While the IRS will receive full restitution of this amount, it is not entitled to a double-recovery. See United States v. Smith, 398 F. App'x, 938, 942 (4th Cir. 2010) (noting that the district court had erred in "failing to order restitution to the IRS in the full amount of its losses, with the amount to be later reduced by amounts recouped from taxpayers."); United States v. Cadet, 664 F.3d 27, 34 (2d Cir. 2011) (noting that in imposing restitution as a condition of supervised release, the district court erred in failing to "reduce the total to be paid under the restitution order to account or payments that the taxpayer-clients have made to the IRS. . ."). Defendant's individual taxpayer clients, while uncharged in the instant action, are nevertheless required to satisfy their outstanding tax liabilities. Thus, the Court will enter an order providing that restitution payable to the IRS will be offset by any and all amounts collected by the IRS from the taxpayers for tax returns prepared by Defendant for the 2007-2010 tax years.
The the second IRS publication cited above, amending the first, the concept seems to be that the restitution applies against the tax liability so that the IRS cannot collect the tax liability.  The answer may have been in the context of a taxpayer being the one subject to restitution and the tax liability in which case it makes sense. In the example I posit, the defendant subject to restitution is not the taxpayer, so the Al-Suqi case resolves the possibility of the IRS double collecting by ordering the IRS to reduce the restitution obligation by the amount of the tax collected from the taxpayers.

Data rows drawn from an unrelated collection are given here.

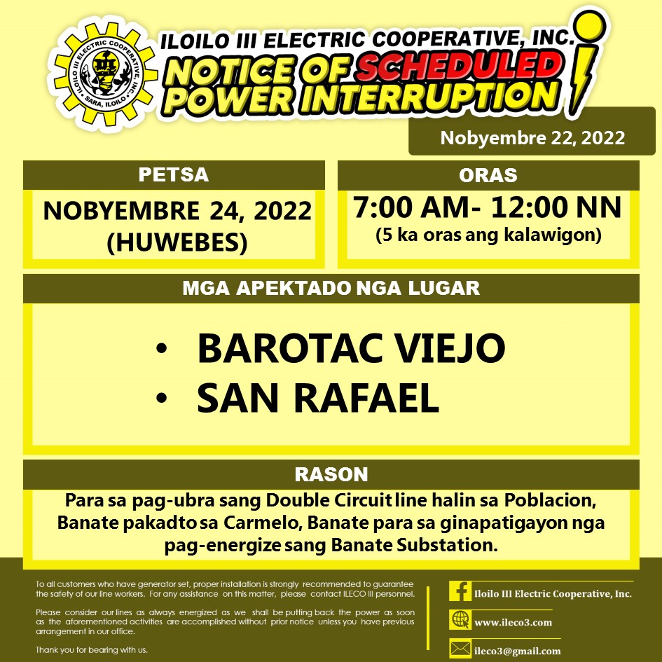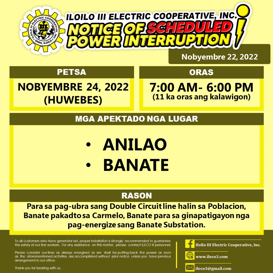 Pahibalo sa mga katapo-konsumidores nga may EMERGENCY POWER INTERRUPTION ang ILECO III para sa pag-construct sang Double Circuit Line halin sa Poblacion, Banate pakadto sa Carmelo, Banate para sa pag-energize sang Banate Substation.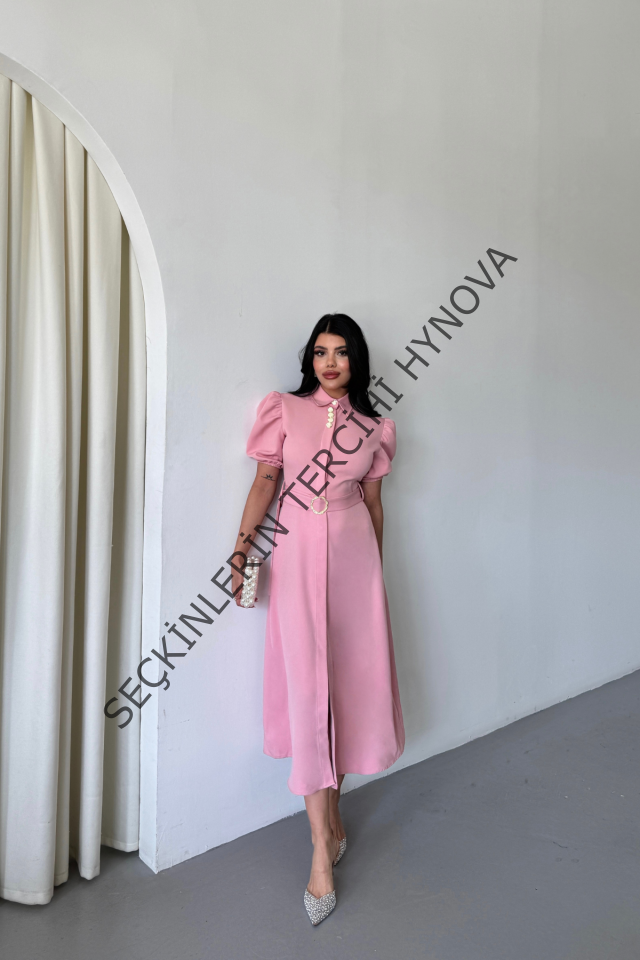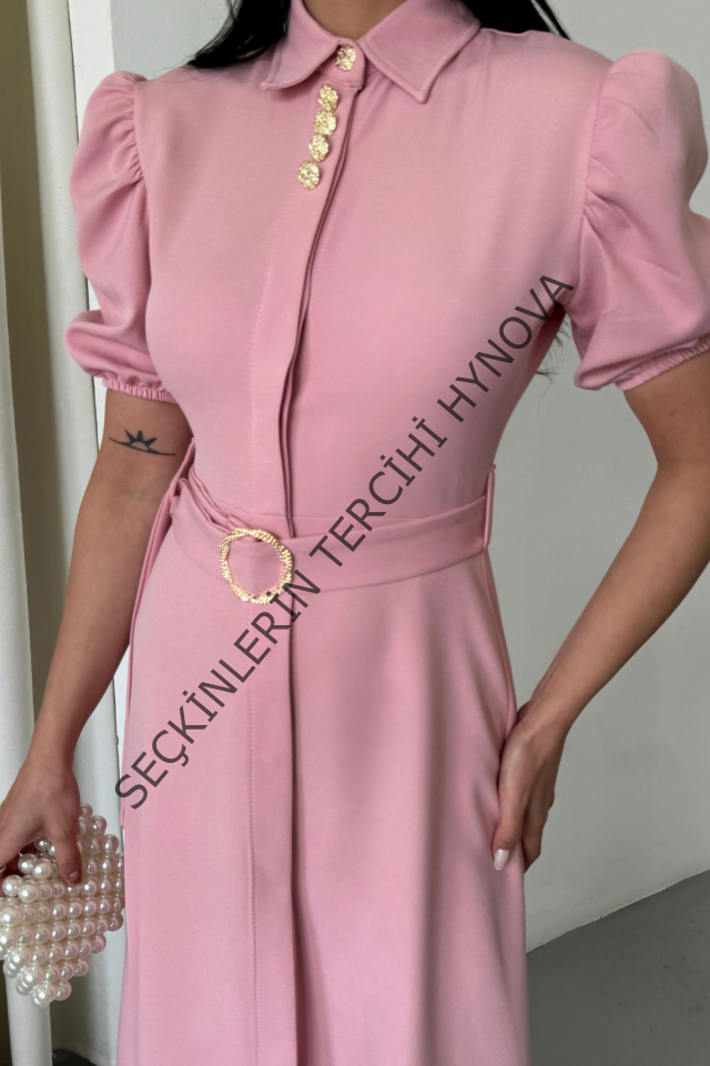 YAKA DÜĞME DETAYLI ELBİSE- Pembe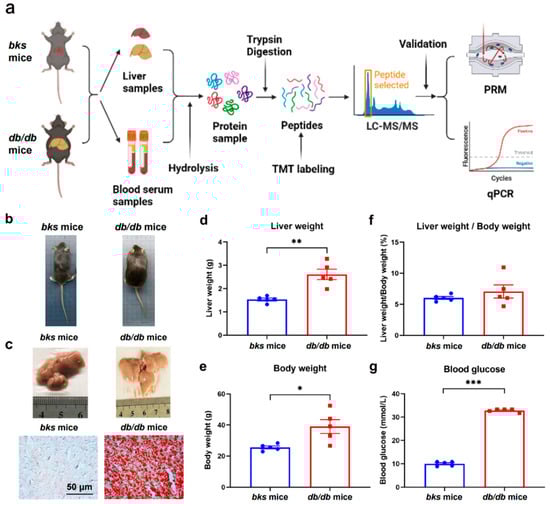 Study workflow and the validation of the genetic NAFLD mouse model. (a) Workflow chart; (b) Representative phages of db/db and bks mice (n = 5); (c) Representative liver phages and the corresponding Oil Red O staining of bks and db/db mice; (d) Liver weight, (e) body weight, (f) ratios of liver and body weight and (g) blood glucose of db/db mice and bks control group. Red dots represent bks mice and blue squares represent db/db mice. * p < 0.05; ** p < 0.01; *** p < 0.001.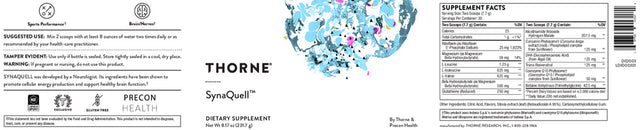 Thorne SynaQuell is a specialized formula designed to support overall brain wellness and cognitive function. It combines ketones, BCAAs, CoQ10 phytosome, DHA, and nicotinamide riboside (NR) to help maintain healthy neurotransmitter balance, mitochondrial function, and cellular energy. This supplement is crafted to complement daily nutrition and support general neurological health.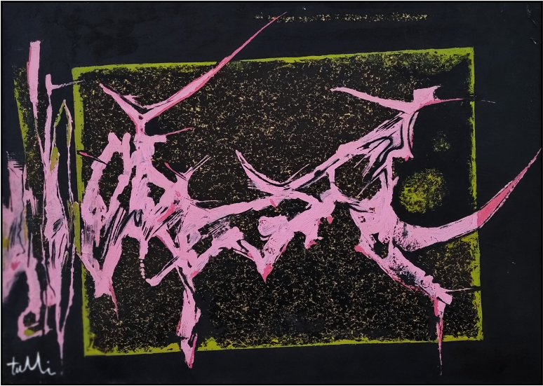 TULLI WLADIMIRO Macerata 1922 - 2003 "Per Vieira da Silva" Acrilici su tela applicata su tavola cm 70x50, del 1997. Firmata sul fronte in basso a sinistra. Sul retro intitolata e datata.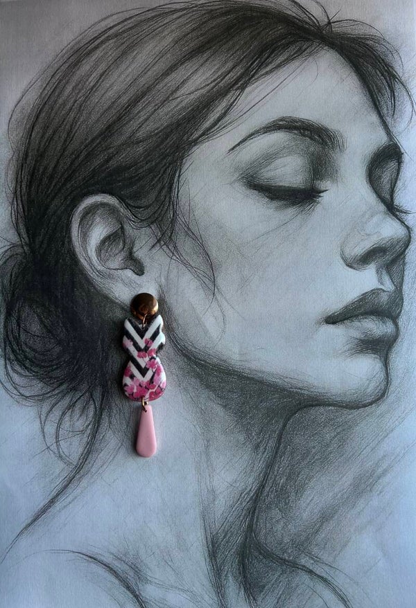 Statement katten oorbellen met zwart wit streepjespatroon en roze kersenbloesems, afgewerkt met resin. Bolle rosé oorsteker uit nikkelvrij en hypoalergeen materiaal. Chuloo is 8 cm lang. ( Large)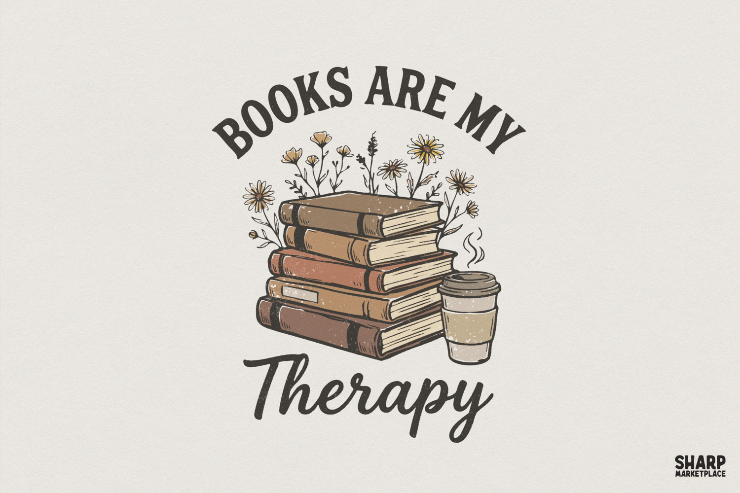 Books Are My Therapy PNG, Stack of Vintage Books with Coffee Mug, Reading Lover Printable, Flower Illustration, Bookish PNG Shirt Design

The analyses in the various IRS publications seem to suggest that the requirement to pay restitution and the resulting tax assessment are incontestable and unchangeable.  Yet the Al-Suqi court says it can be reduced by taxpayer payments, at least where the court's order so provides.

But, that seems to be permitted only if the required reduction is part of the order of restitution.  What if the restitution order is in a specific amount without any requirement for reduction and the IRS thereafter collects from the taxpayers?  Will restitution  be reduced?  Can it be refunded to the preparer / defendant subject to the restitution order?  Is there a statute of limitations as to when a party paying restitution can get this type of credit for payments made by the taxpayers owing the tax?

I would appreciate readers thoughts on this questions presented by this situation.